= TASK STATEMENT =
Wherever pictures appear in the listing below, leave them out, and copy exactly, and only, everything from the line with "初年度登録 | H21年11月 |" down to the line with "We brought together".

[THE DATA — start]

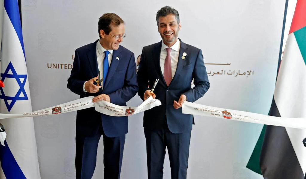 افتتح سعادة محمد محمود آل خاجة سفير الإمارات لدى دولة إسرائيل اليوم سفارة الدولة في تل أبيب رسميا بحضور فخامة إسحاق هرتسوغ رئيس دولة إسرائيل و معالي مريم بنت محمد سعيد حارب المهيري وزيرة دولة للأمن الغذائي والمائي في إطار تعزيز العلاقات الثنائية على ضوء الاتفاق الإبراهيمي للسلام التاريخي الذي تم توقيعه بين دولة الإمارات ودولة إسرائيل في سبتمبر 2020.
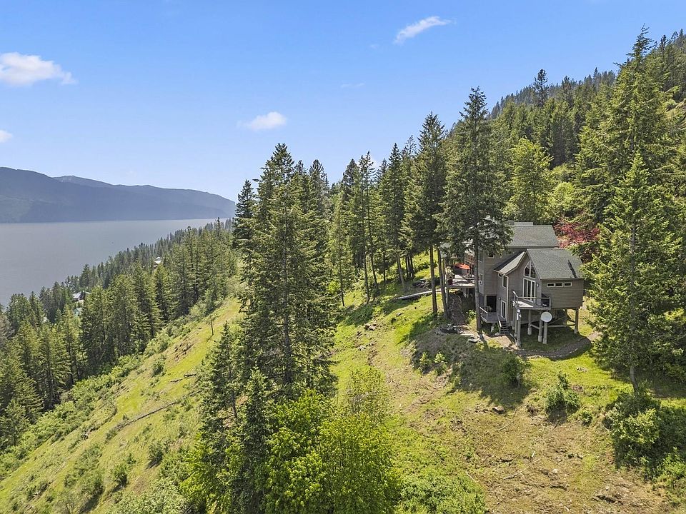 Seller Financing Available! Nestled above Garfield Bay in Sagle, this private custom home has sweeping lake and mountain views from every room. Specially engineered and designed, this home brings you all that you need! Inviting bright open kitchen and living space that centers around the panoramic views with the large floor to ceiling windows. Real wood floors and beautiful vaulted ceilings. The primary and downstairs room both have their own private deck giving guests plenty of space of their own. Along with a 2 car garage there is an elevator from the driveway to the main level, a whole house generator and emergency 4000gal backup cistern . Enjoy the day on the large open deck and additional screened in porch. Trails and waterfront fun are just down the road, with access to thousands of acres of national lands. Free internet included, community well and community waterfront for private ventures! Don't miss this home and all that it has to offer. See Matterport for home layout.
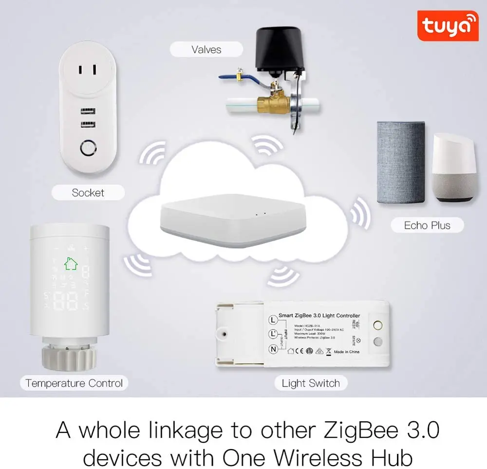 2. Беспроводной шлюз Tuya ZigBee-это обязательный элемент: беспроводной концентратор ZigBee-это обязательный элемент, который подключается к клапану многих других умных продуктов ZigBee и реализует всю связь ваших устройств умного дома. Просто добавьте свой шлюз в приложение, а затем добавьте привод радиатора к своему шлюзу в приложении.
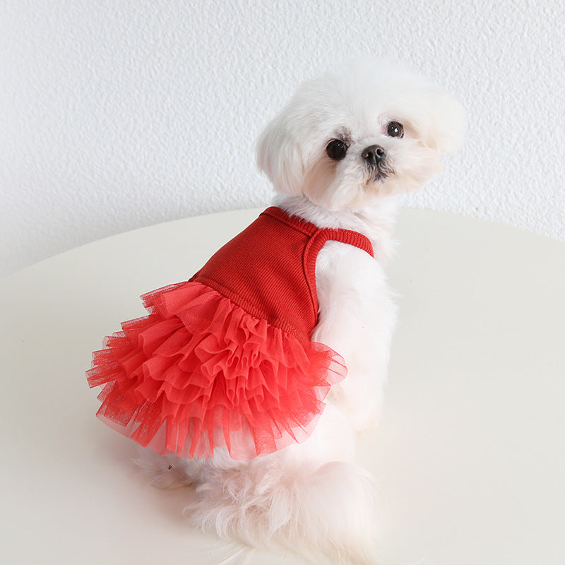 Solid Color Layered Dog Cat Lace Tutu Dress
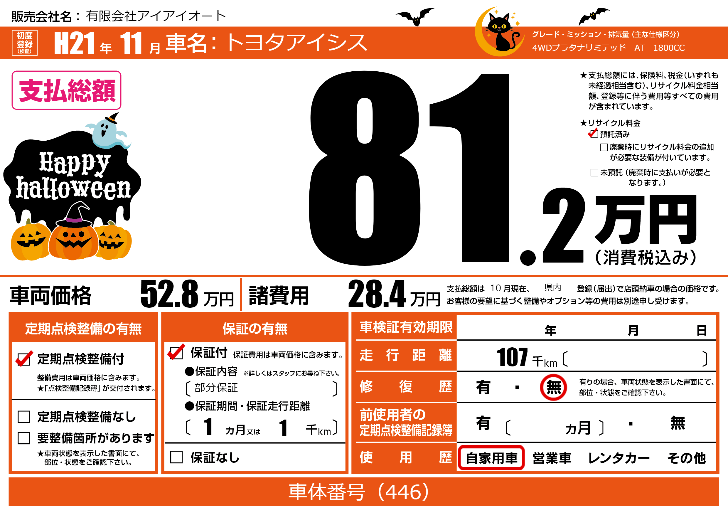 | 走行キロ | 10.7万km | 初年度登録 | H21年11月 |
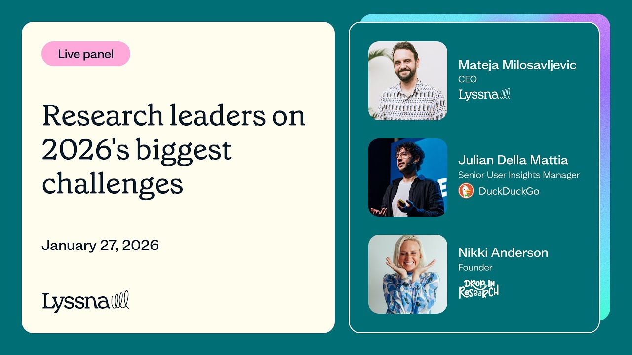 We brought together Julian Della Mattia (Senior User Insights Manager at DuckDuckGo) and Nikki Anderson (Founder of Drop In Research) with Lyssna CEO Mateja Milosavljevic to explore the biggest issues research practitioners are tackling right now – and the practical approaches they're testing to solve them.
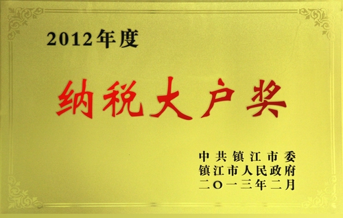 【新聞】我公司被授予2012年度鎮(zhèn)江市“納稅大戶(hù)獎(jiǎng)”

[THE DATA — finish]
[THE DATA — start]

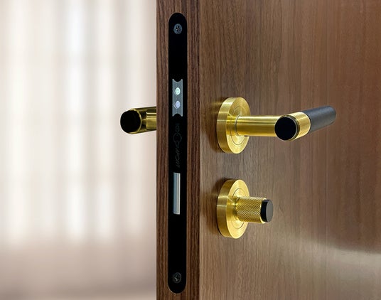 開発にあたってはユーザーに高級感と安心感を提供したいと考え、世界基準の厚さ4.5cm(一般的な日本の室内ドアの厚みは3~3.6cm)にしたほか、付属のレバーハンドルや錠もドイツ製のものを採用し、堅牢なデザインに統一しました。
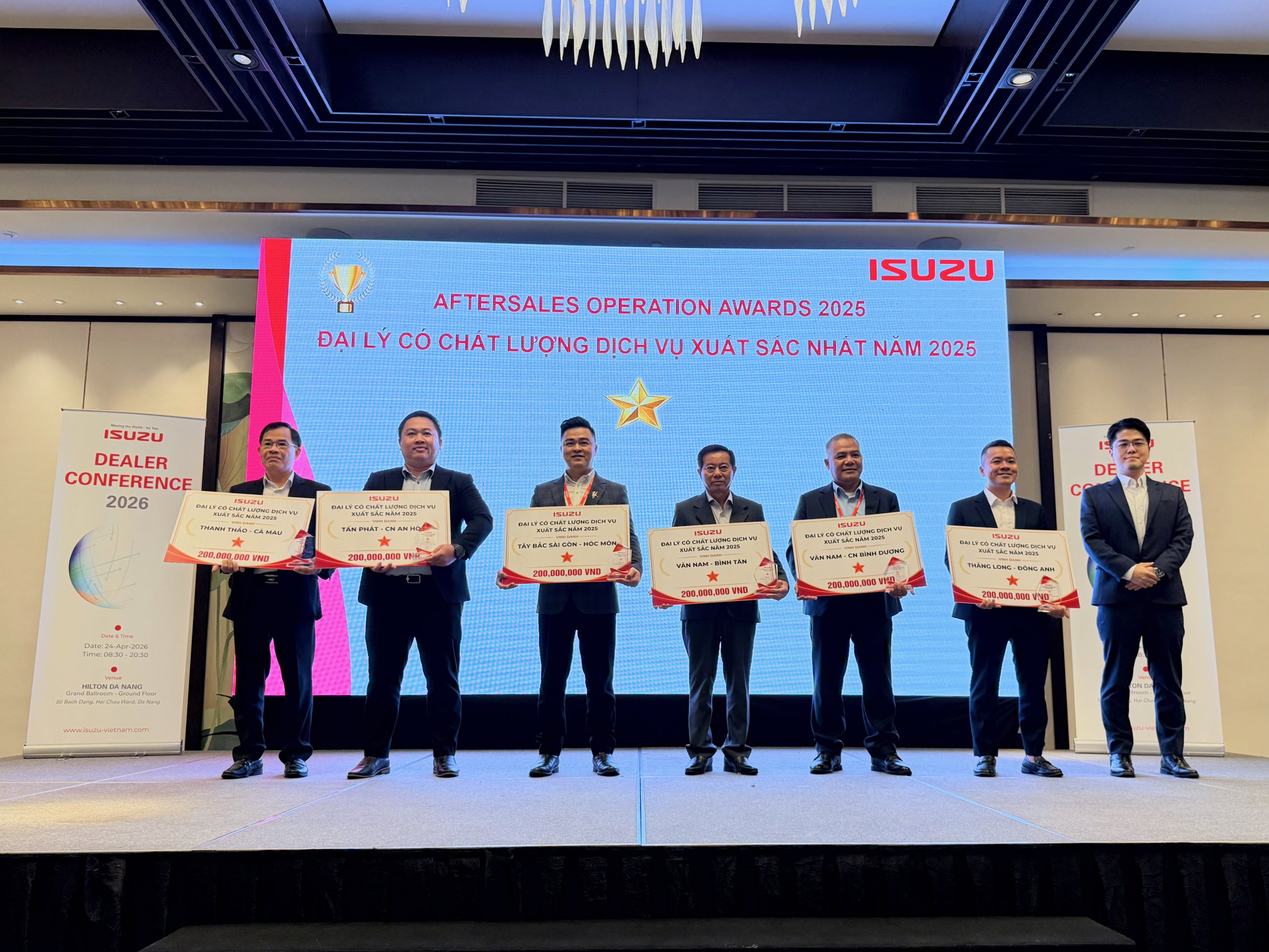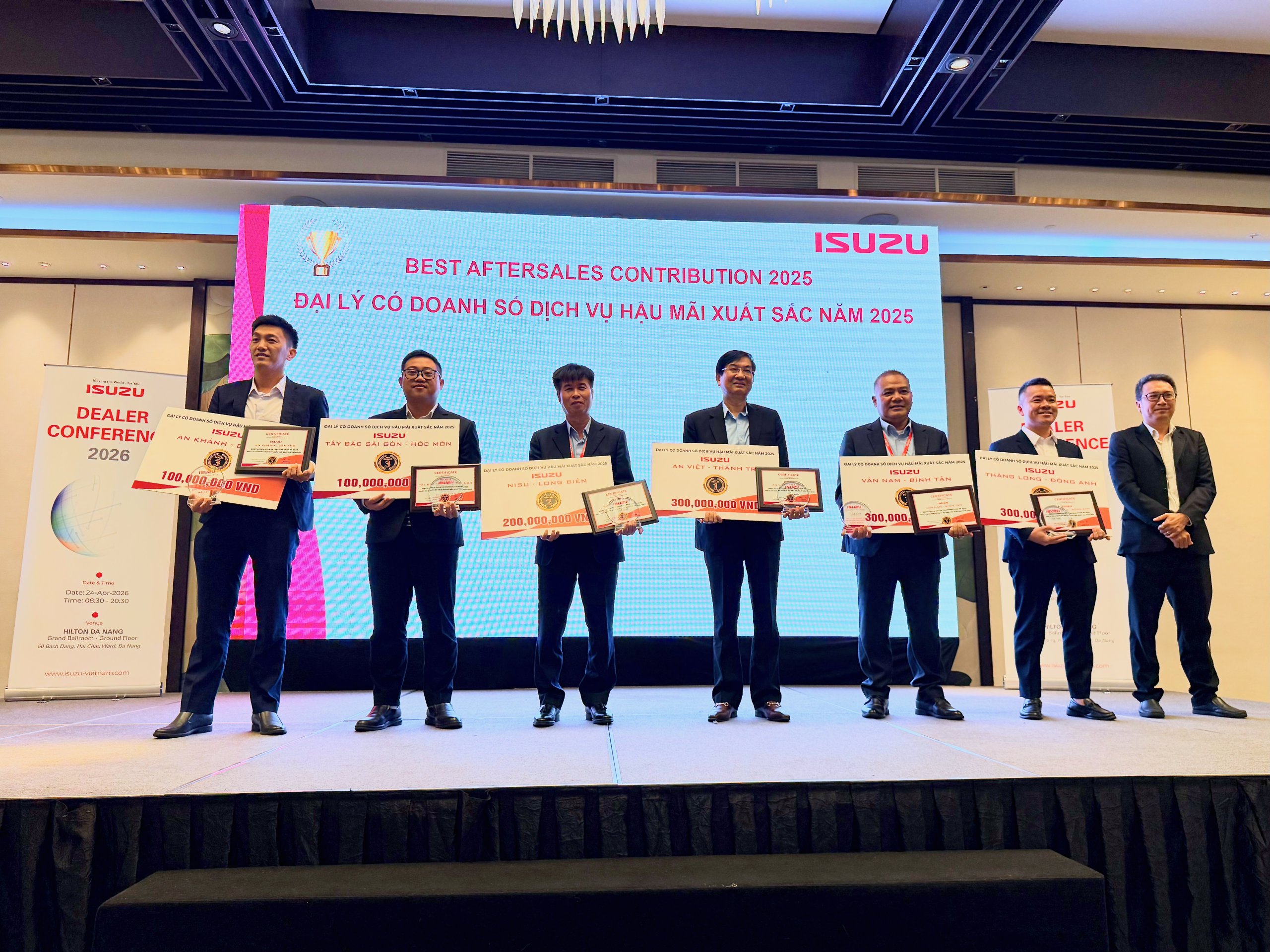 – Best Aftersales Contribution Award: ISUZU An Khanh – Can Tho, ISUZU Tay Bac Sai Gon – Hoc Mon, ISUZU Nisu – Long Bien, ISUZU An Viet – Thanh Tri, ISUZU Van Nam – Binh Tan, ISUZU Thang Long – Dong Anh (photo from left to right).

[THE DATA — finish]

= RESPONSE AREA =
 | 走行キロ | 10.7万km | 初年度登録 | H21年11月 |
 We brought together Julian Della Mattia (Senior User Insights Manager at DuckDuckGo) and Nikki Anderson (Founder of Drop In Research) with Lyssna CEO Mateja Milosavljevic to explore the biggest issues research practitioners are tackling right now – and the practical approaches they're testing to solve them.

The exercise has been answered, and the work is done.